Oliver 12, Medical Friday mili- Yemassee; maternal grandparents, Kenneth and Deloris Woods of Yemassee and John and Angie Miller of Seabrook; maternal grandmother, Patricia Callahan of Michigan; paternal grandmother Tharp of Grenada Hills, paternal grandfather John Tracy Tharp Sr. of Fort Worth, Texas; maternal great-grandmother Margaret L. Woods of Gillisonville, maternal parents George and Eve Hallman of Port Royal, and paternal great-grandparents James and Jean Driggers of North Charleston..

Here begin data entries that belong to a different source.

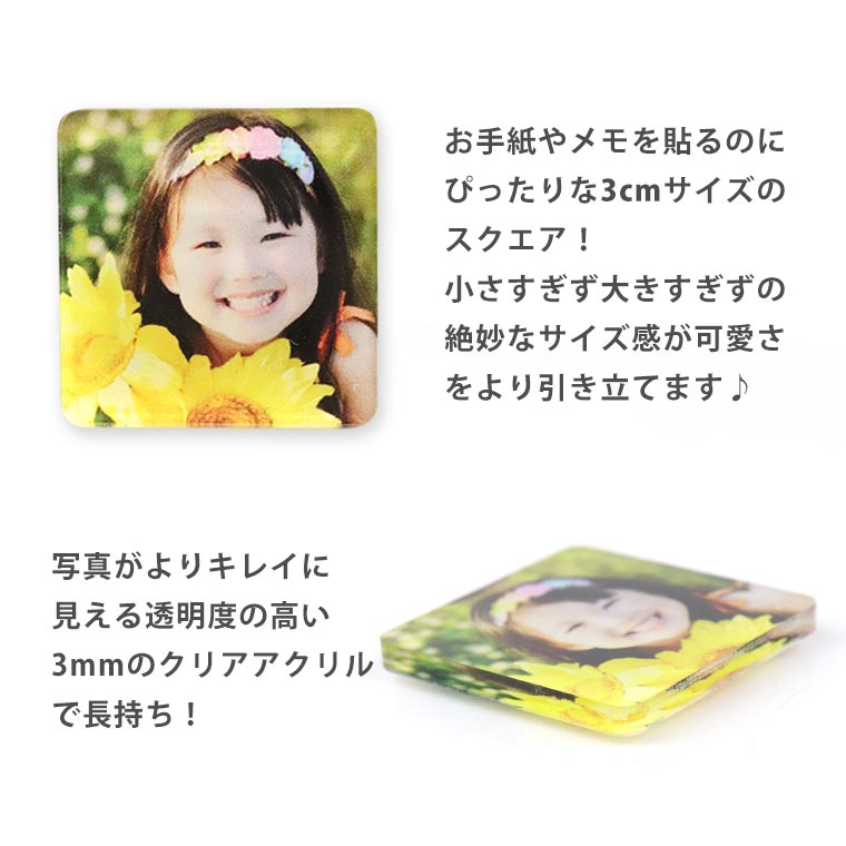 アクリル製 フォトマグネット 正方形 4個セット 3cm×3cm アンシャンテラボ / オリジナル商品 卒業 卒団 記念品 アクリル 写真 思い出 アルバム おしゃれ 母の日 敬老の日 記念 お祝い 思い出 出産祝い 入学祝 子供 こども 子ども 孫 親 イラスト 【ゆうパケット対応】
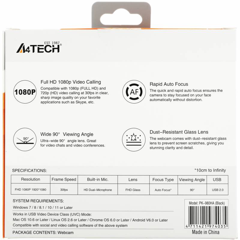 Камера Web A4Tech PK-980HA черный 2Mpix (1920x1080) USB2.0 с микрофоном
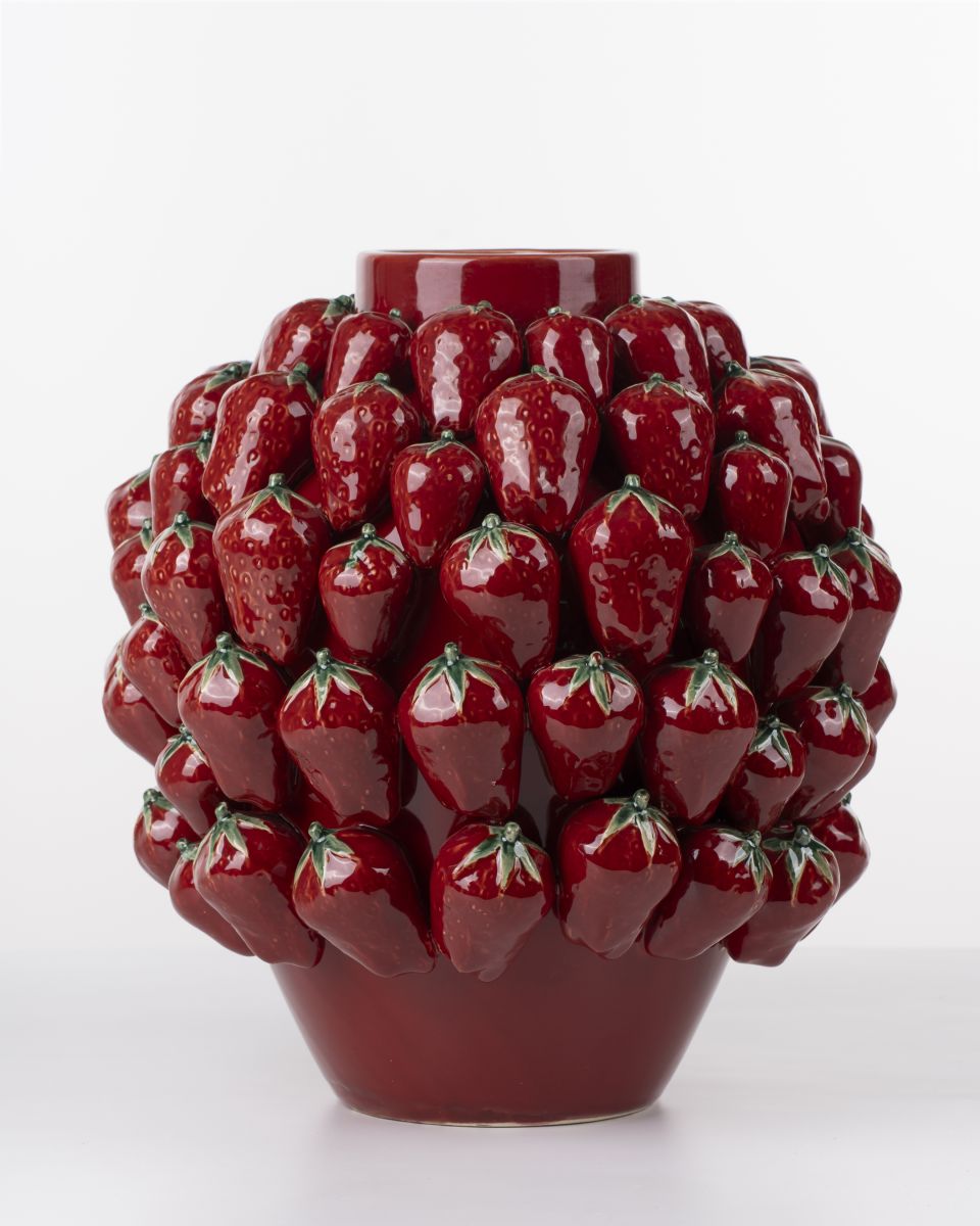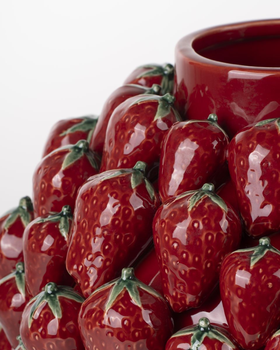 - Decorative ceramic vase with hand-sculpted strawberry detailing
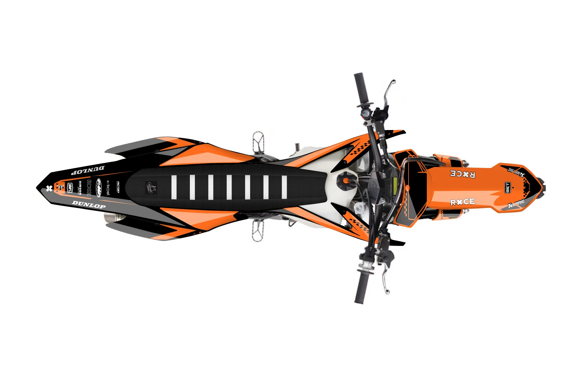 «Trait» — готовый комплект графики серии Staple для KTM MX Graphic Kit KTM SX-F 250 2015. В комплекте: графика на бак и боковые облицовки, крылья (переднее и заднее), передний щиток, номерные таблички, защита вилки. Материал: ПВХ-винил 80 мкр с холодной ламинацией 300 мкр, общая толщина 380 мкр; покрытие глянцевое или матовое на выбор. Устойчив к UV-излучению, воде, бензину и мойке высокого давления. Клей акриловый на сольвентной основе — постоянный, для гибких пластиков. На простых поверхностях монтируется без нагрева; для сложных изгибов рекомендуем фен. Этот пресет можно заказать как есть или взять за основу в конструкторе: поменять цвета, добавить стартовый номер и свой бренд. Производство — 3–5 рабочих дней, доставка по России СДЭКом или Почтой, по СНГ — курьерскими службами.
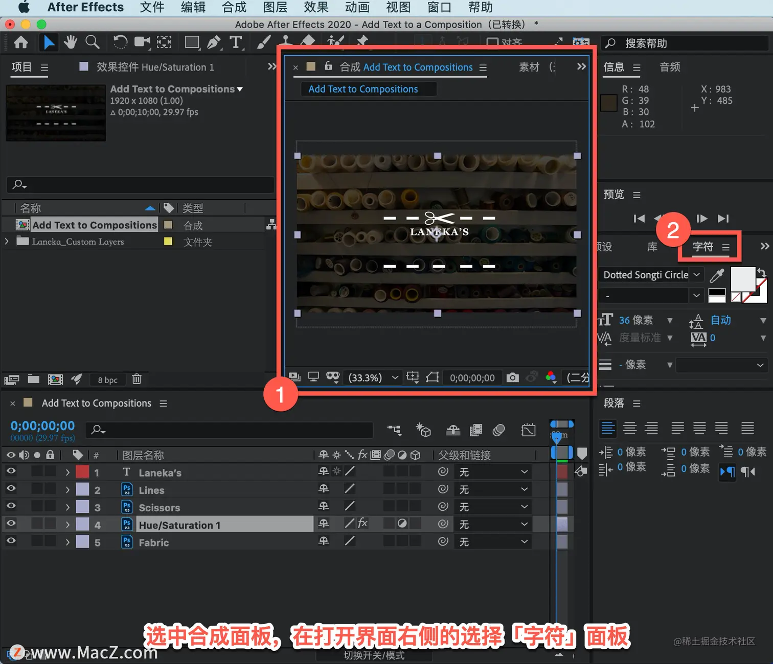 处理文本从切换到文本工作区开始,选中合成面板,在打开界面右侧的选择「字符」面板。

The Beaufort Gazette from Beaufort, South Carolina (2024)

References

Top Articles
Tazewell Commitment Report
Nissan Moonfire
NYT Mini Crossword today: puzzle answers for Tuesday, September 17 | Digital Trends
Time in Baltimore, Maryland, United States now
Hotels
Is pickleball Betts' next conquest? 'That's my jam'
Exam With A Social Studies Section Crossword
Comcast Xfinity Outage in Kipton, Ohio
Which Is A Popular Southern Hemisphere Destination Microsoft Rewards
Shooting Games Multiplayer Unblocked
Trini Sandwich Crossword Clue
Insidekp.kp.org Hrconnect
Kaomoji Border
Alejos Hut Henderson Tx
Quest Beyondtrustcloud.com
Northern Whooping Crane Festival highlights conservation and collaboration in Fort Smith, N.W.T. | CBC News
Carson Municipal Code
Aaa Saugus Ma Appointment
Acts 16 Nkjv
Drift Boss 911
Yisd Home Access Center
Apparent assassination attempt | Suspect never had Trump in sight, did not get off shot: Officials
Booknet.com Contract Marriage 2
Bleacher Report Philadelphia Flyers
Weathervane Broken Monorail
Jailfunds Send Message
Vadoc Gtlvisitme App
Past Weather by Zip Code - Data Table
Davita Salary
Smayperu
Chapaeva Age
Everstart Jump Starter Manual Pdf
Whas Golf Card
Rise Meadville Reviews
Kgirls Seattle
Laff Tv Passport
Ursula Creed Datasheet
How to play Yahoo Fantasy Football | Yahoo Help - SLN24152
Mixer grinder buying guide: Everything you need to know before choosing between a traditional and bullet mixer grinder
PruittHealth hiring Certified Nursing Assistant - Third Shift in Augusta, GA | LinkedIn
Live Delta Flight Status - FlightAware
2017 Ford F550 Rear Axle Nut Torque Spec
Alba Baptista Bikini, Ethnicity, Marriage, Wedding, Father, Shower, Nazi
Cch Staffnet
A Man Called Otto Showtimes Near Cinemark Greeley Mall
Mit diesen geheimen Codes verständigen sich Crew-Mitglieder
Madden 23 Can't Hire Offensive Coordinator
60 Second Burger Run Unblocked
2487872771
De Donde Es El Area +63
Bob Wright Yukon Accident
Mast Greenhouse Windsor Mo
Latest Posts
Article information

Author: Sen. Ignacio Ratke

Last Updated:

Views: 5297

Rating: 4.6 / 5 (76 voted)

Reviews: 83% of readers found this page helpful

Author information

Name: Sen. Ignacio Ratke

Birthday: 1999-05-27

Address: Apt. 171 8116 Bailey Via, Roberthaven, GA 58289

Phone: +2585395768220

Job: Lead Liaison

Hobby: Lockpicking, LARPing, Lego building, Lapidary, Macrame, Book restoration, Bodybuilding

Introduction: My name is Sen. Ignacio Ratke, I am a adventurous, zealous, outstanding, agreeable, precious, excited, gifted person who loves writing and wants to share my knowledge and understanding with you.